__INSTRUCTIONS TO FOLLOW__:
Drop every picture. Return the rest of the entries exactly.

EXERCISE MATERIALS Block Start

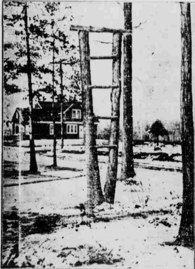
Before the work of spring commences, look over the grounds and make some beauty spots—Dead trees can be cut partially down and made to form artistic and substantial trellises for either rose bushes or vines.
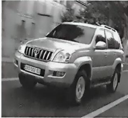
Toyota Land Cruiser 120
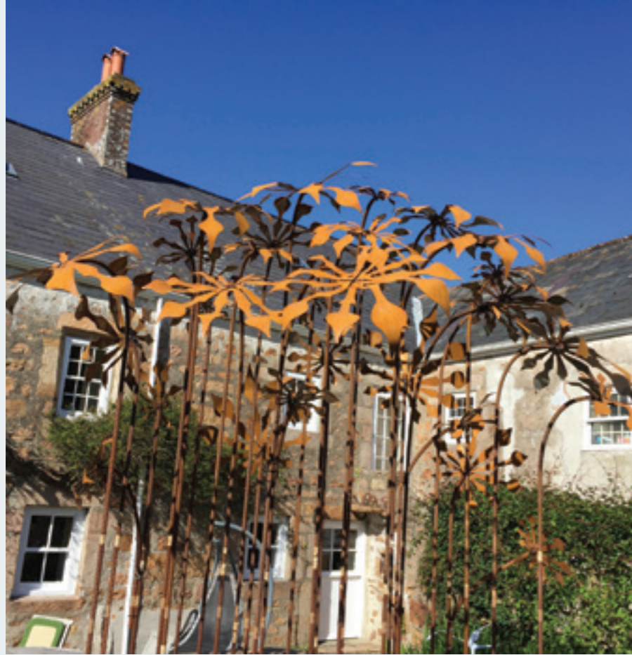
Leaves (Prototype) (2017) | 360 x 250cm | Steel, timber

This full scale prototype of the sculpture will be made out of marine grade mirror polished stainless steel and the underside of the leaves will be coloured and lit. The piece will be made at Romerils studio before being shipped and installed in a private garden in San Diego, California, USA.
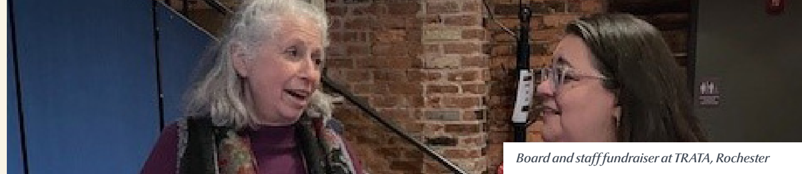
Board and staff fundraiser at TRATA, Rochester
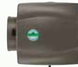
HCWB3-12 Bypass Humidifier 12 gallons per day

EXERCISE MATERIALS Block End

__SOLUTION TO THIS PROBLEM__:
Before the work of spring commences, look over the grounds and make some beauty spots—Dead trees can be cut partially down and made to form artistic and substantial trellises for either rose bushes or vines.
Toyota Land Cruiser 120
Leaves (Prototype) (2017) | 360 x 250cm | Steel, timber

This full scale prototype of the sculpture will be made out of marine grade mirror polished stainless steel and the underside of the leaves will be coloured and lit. The piece will be made at Romerils studio before being shipped and installed in a private garden in San Diego, California, USA.
Board and staff fundraiser at TRATA, Rochester
HCWB3-12 Bypass Humidifier 12 gallons per day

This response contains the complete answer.